WORK INSTRUCTION:
In the entries below, begin at the line that has "次卧,浅驼色的墙面,胡桃木的", stop after the line that has "아동 가족학과 - 고교 독서평설 2월호 연세대", and output those lines exactly with no pictures.

SOURCE MATERIAL:
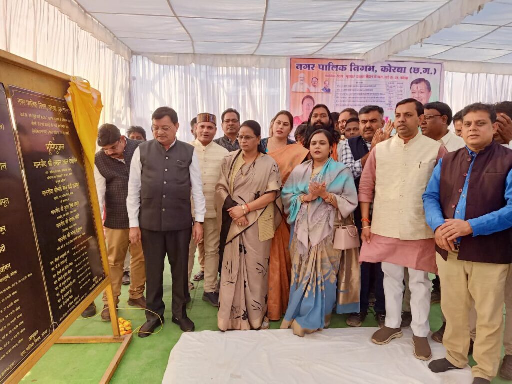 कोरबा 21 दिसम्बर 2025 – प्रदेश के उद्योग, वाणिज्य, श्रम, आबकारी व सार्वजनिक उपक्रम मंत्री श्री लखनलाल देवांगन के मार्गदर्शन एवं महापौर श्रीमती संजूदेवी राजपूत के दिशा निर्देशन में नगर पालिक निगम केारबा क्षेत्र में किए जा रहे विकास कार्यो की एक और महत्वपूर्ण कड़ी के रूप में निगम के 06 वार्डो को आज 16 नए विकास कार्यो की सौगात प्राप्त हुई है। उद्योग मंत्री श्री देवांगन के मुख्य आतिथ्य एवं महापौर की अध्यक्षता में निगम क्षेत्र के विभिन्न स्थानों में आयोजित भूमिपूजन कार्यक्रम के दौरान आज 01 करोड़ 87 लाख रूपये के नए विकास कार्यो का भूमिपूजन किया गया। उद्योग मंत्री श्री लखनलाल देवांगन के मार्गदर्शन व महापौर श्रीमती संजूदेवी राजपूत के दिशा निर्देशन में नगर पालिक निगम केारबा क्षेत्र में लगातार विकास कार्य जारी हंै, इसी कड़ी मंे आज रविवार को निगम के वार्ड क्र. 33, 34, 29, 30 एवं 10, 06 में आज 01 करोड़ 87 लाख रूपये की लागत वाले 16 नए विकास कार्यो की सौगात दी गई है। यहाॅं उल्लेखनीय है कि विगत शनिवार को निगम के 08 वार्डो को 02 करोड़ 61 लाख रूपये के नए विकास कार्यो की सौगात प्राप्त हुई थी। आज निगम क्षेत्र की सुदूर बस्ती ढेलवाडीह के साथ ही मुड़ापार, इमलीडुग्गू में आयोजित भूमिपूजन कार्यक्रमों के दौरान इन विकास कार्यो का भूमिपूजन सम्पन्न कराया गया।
--
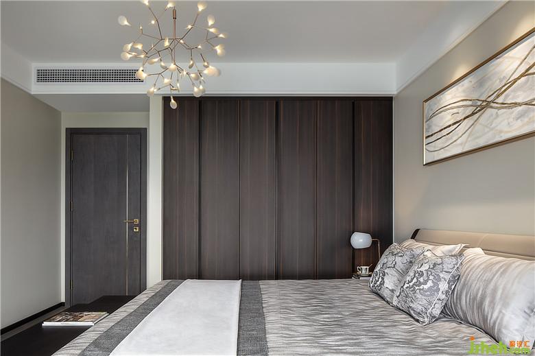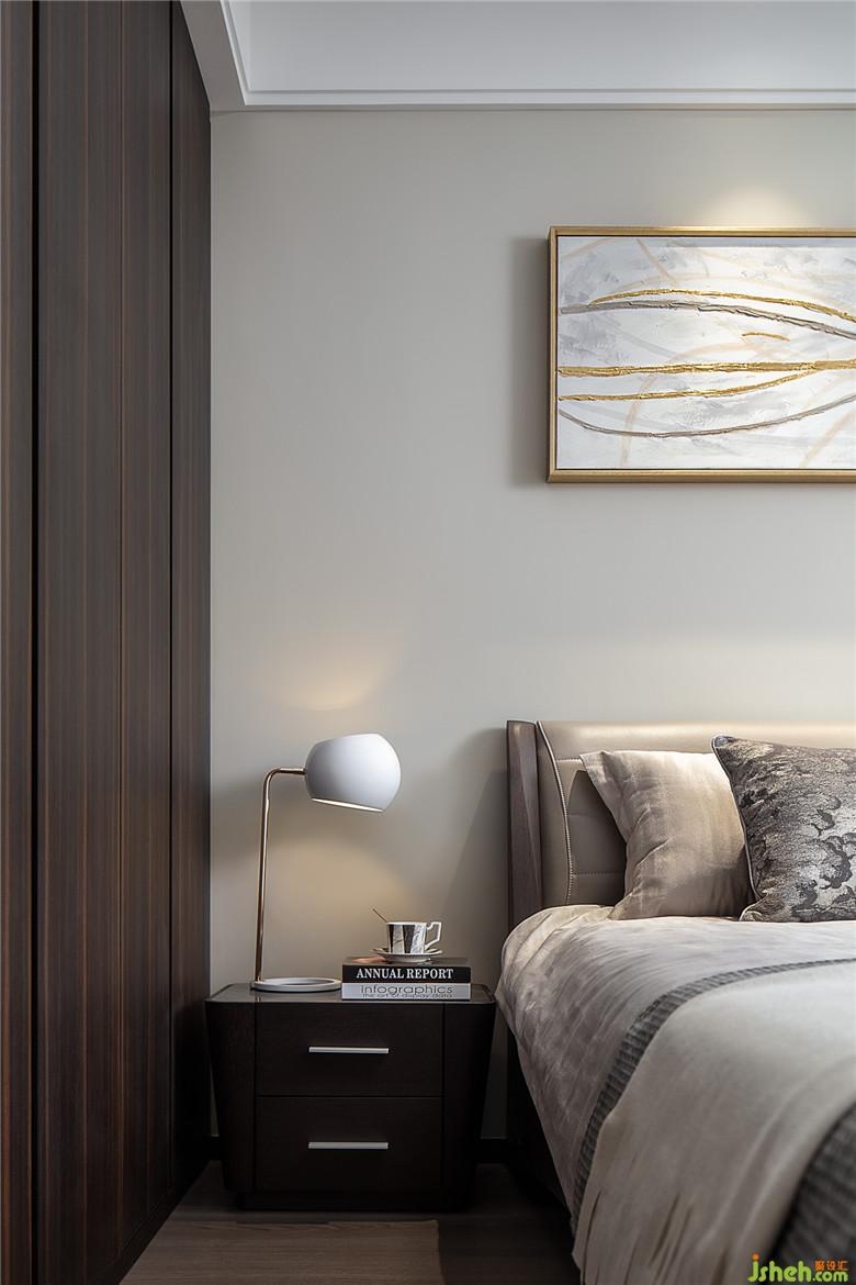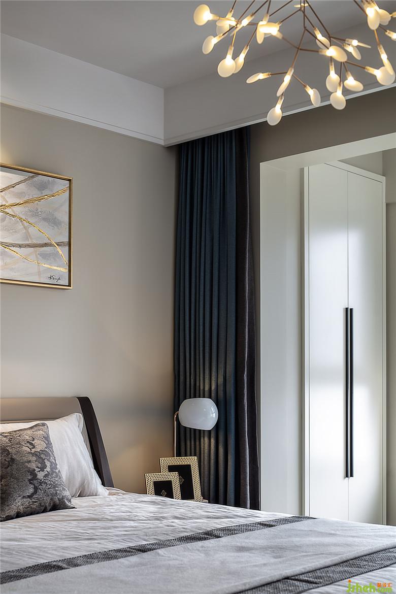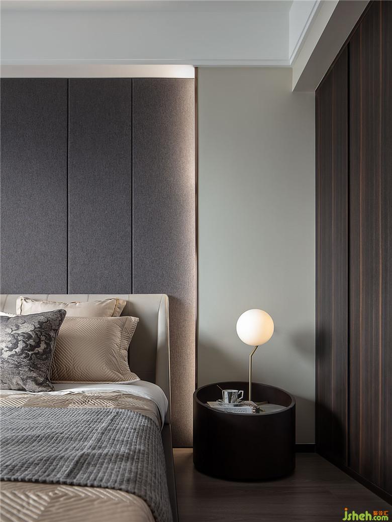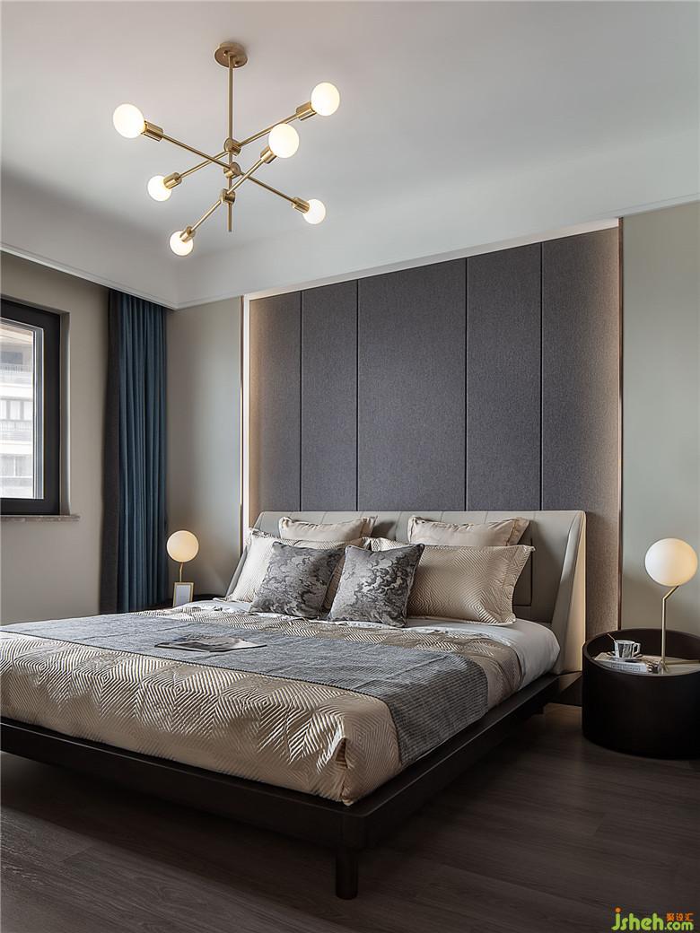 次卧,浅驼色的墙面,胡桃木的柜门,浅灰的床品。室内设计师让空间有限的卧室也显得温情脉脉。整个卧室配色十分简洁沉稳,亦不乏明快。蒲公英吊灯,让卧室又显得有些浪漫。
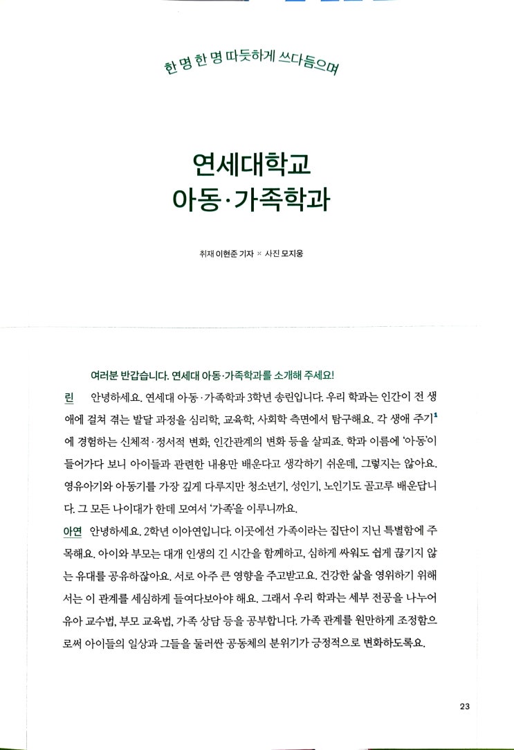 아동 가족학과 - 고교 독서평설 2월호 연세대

SOLUTION TO THE PROBLEM:
 次卧,浅驼色的墙面,胡桃木的柜门,浅灰的床品。室内设计师让空间有限的卧室也显得温情脉脉。整个卧室配色十分简洁沉稳,亦不乏明快。蒲公英吊灯,让卧室又显得有些浪漫。
 아동 가족학과 - 고교 독서평설 2월호 연세대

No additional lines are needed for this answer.